REQUIRED WORK ▸ All that is wanted is the exact text of the lines below from the one with "Your furry feline" through the one with "3. Pull on your", inclusive, minus any pictures.

DATA RECORDS ▸
+--

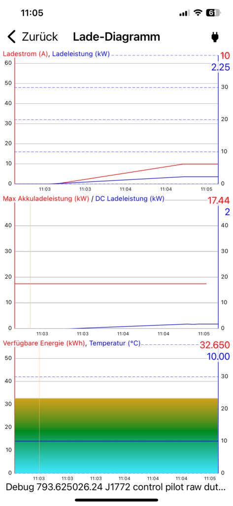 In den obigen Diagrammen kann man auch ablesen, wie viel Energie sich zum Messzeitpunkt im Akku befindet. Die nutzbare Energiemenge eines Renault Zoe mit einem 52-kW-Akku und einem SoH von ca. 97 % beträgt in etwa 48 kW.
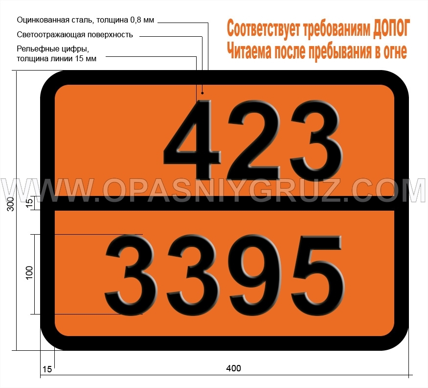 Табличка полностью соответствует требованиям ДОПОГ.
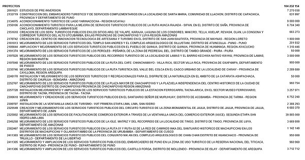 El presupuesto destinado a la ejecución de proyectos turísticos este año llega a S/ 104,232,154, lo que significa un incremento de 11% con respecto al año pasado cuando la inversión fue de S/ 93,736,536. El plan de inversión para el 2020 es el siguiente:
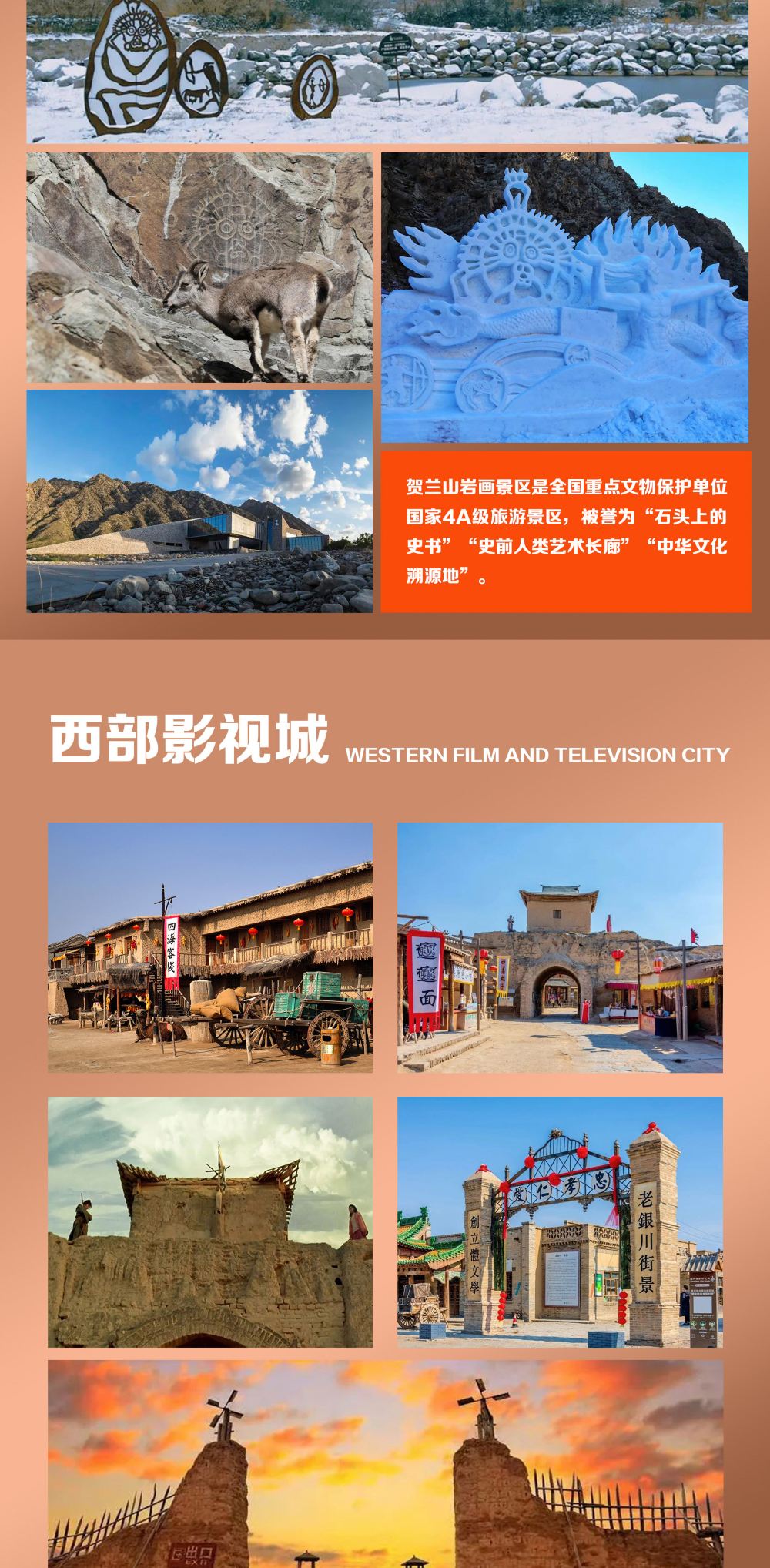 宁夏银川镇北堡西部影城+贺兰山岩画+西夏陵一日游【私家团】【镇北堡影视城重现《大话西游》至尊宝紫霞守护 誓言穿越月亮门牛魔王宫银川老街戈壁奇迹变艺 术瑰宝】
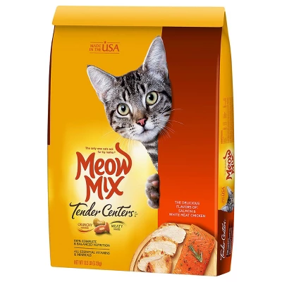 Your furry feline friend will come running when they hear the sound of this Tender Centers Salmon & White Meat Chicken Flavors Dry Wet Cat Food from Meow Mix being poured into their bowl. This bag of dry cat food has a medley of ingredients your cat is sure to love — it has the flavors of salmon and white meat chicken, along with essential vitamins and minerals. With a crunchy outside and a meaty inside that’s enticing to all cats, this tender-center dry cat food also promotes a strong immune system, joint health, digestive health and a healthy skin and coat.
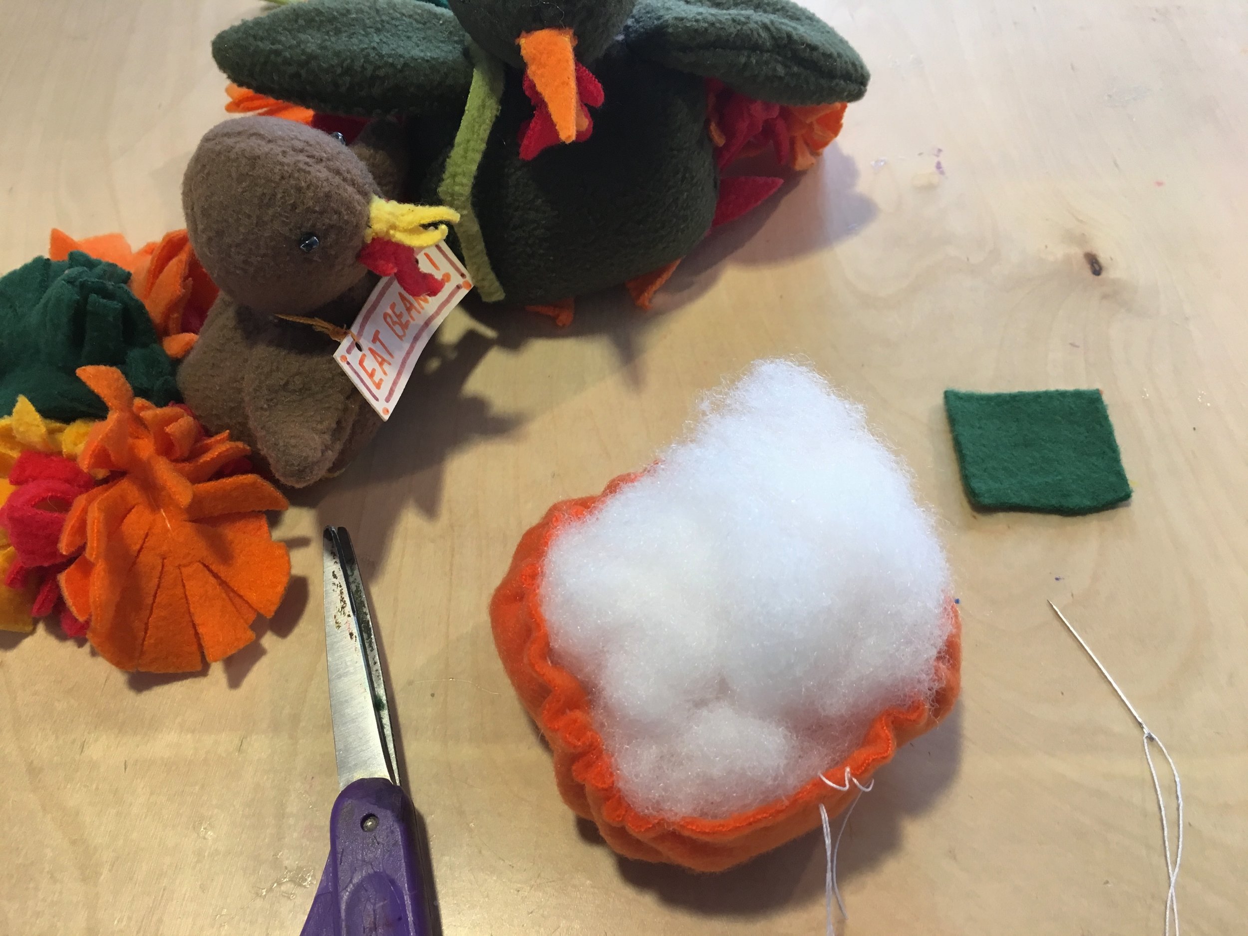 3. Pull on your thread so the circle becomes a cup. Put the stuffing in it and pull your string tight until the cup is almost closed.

+--

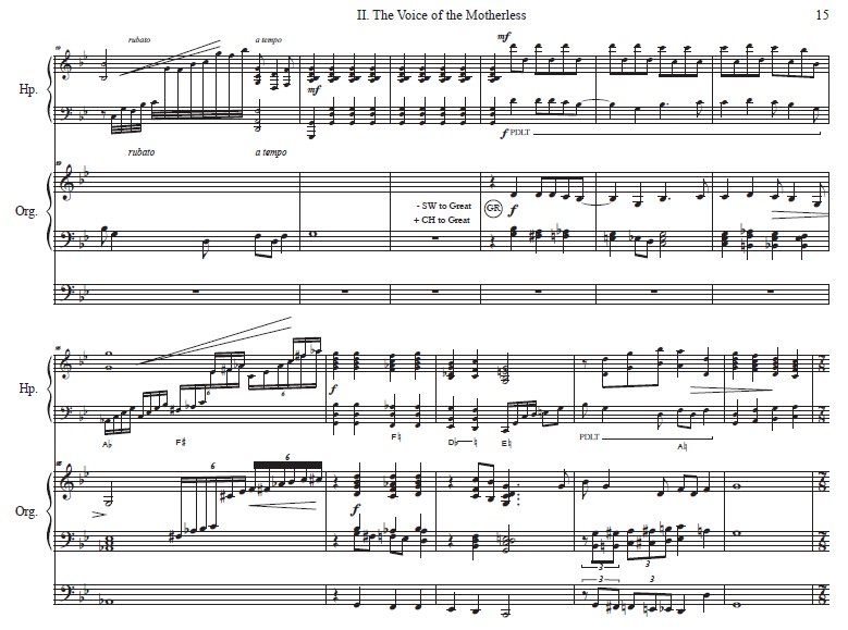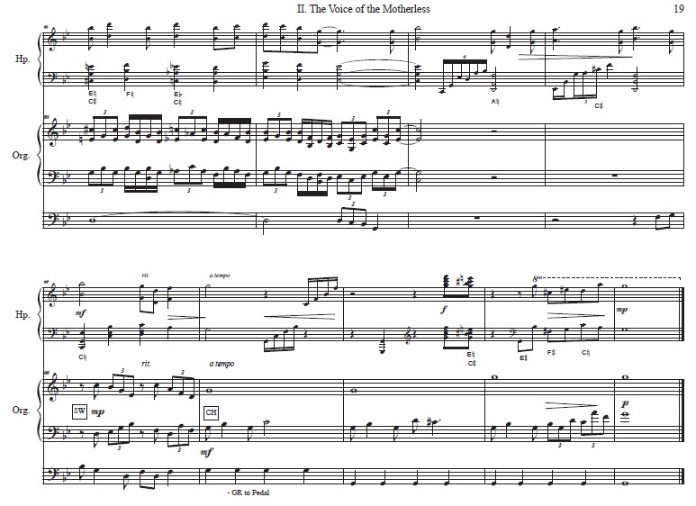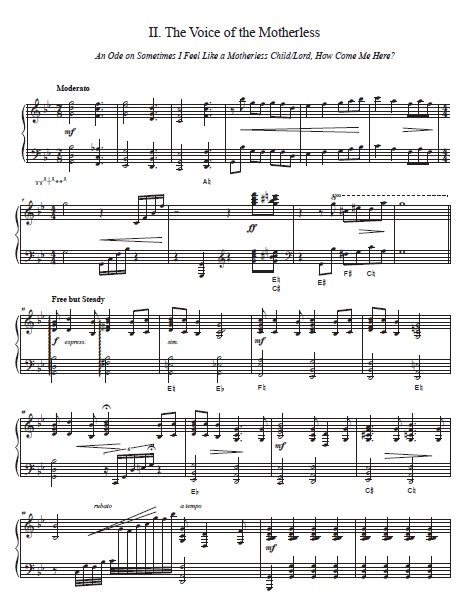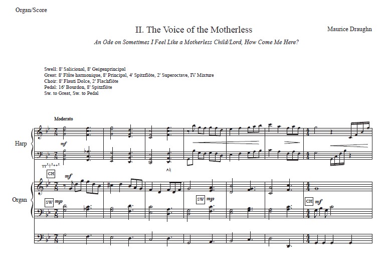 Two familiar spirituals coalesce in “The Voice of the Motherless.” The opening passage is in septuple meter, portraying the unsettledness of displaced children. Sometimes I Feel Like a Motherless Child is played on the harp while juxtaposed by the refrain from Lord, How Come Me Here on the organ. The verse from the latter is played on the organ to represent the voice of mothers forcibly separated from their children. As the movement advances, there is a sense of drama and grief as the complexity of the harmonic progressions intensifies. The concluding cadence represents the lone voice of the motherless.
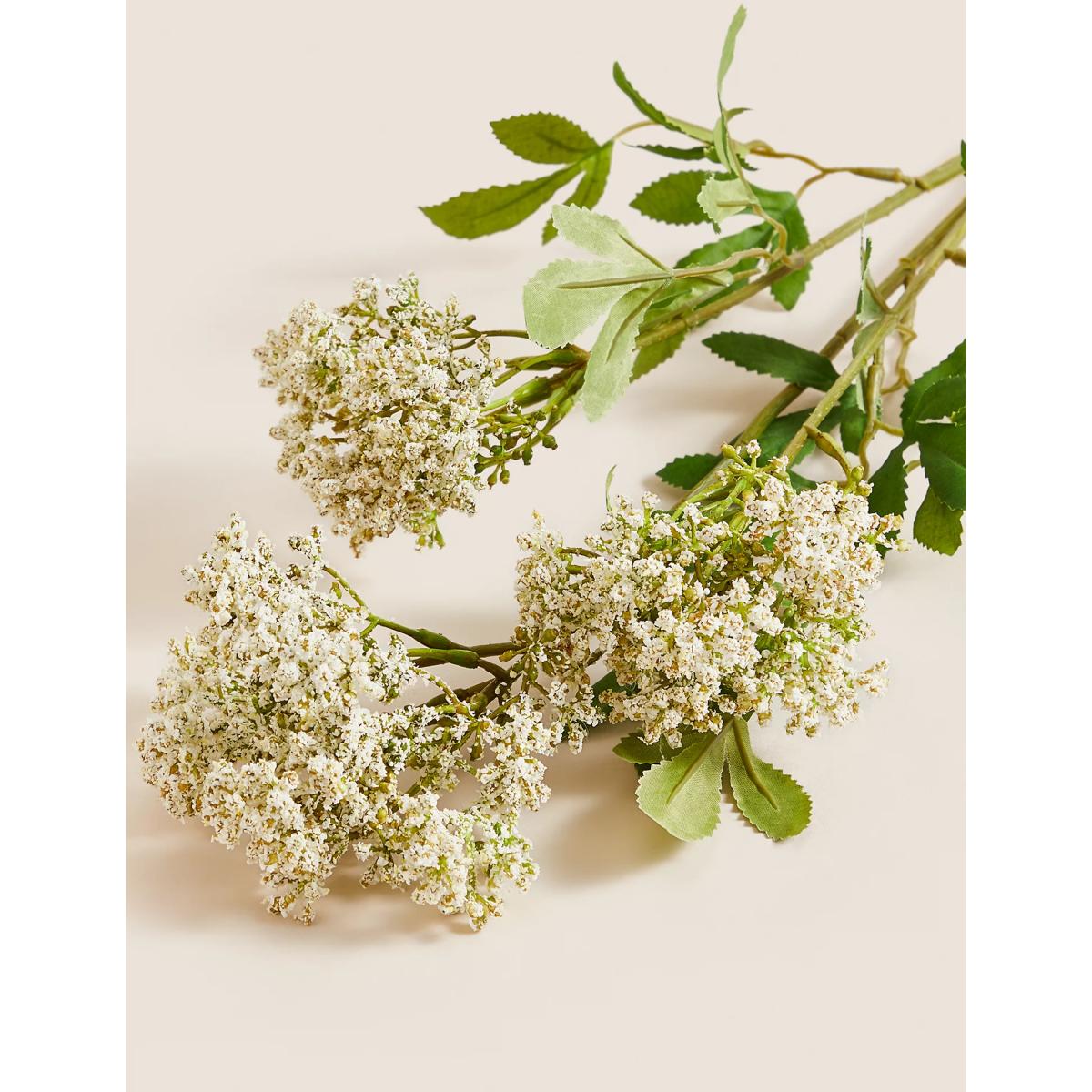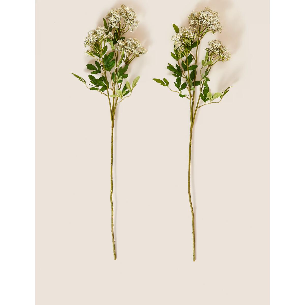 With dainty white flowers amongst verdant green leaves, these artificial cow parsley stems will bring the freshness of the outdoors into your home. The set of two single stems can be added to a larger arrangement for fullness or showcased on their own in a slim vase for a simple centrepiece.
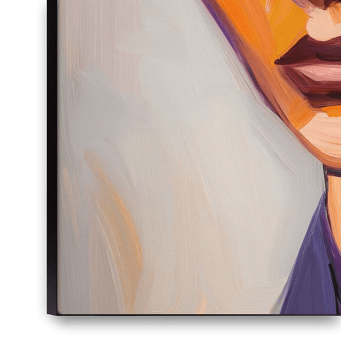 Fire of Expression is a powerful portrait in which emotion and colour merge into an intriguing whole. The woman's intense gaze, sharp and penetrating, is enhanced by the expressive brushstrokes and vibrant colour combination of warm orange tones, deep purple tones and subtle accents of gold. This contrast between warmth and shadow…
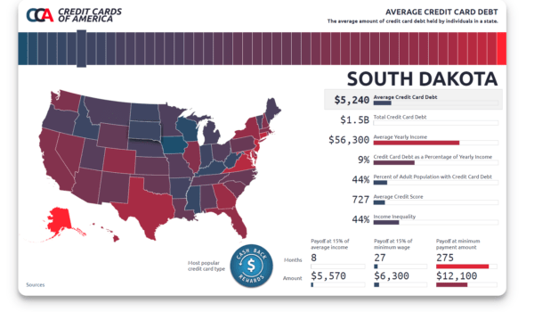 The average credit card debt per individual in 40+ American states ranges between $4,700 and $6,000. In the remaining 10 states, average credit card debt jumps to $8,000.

+--

TASK OUTPUT ▸
 Your furry feline friend will come running when they hear the sound of this Tender Centers Salmon & White Meat Chicken Flavors Dry Wet Cat Food from Meow Mix being poured into their bowl. This bag of dry cat food has a medley of ingredients your cat is sure to love — it has the flavors of salmon and white meat chicken, along with essential vitamins and minerals. With a crunchy outside and a meaty inside that’s enticing to all cats, this tender-center dry cat food also promotes a strong immune system, joint health, digestive health and a healthy skin and coat.
 3. Pull on your thread so the circle becomes a cup. Put the stuffing in it and pull your string tight until the cup is almost closed.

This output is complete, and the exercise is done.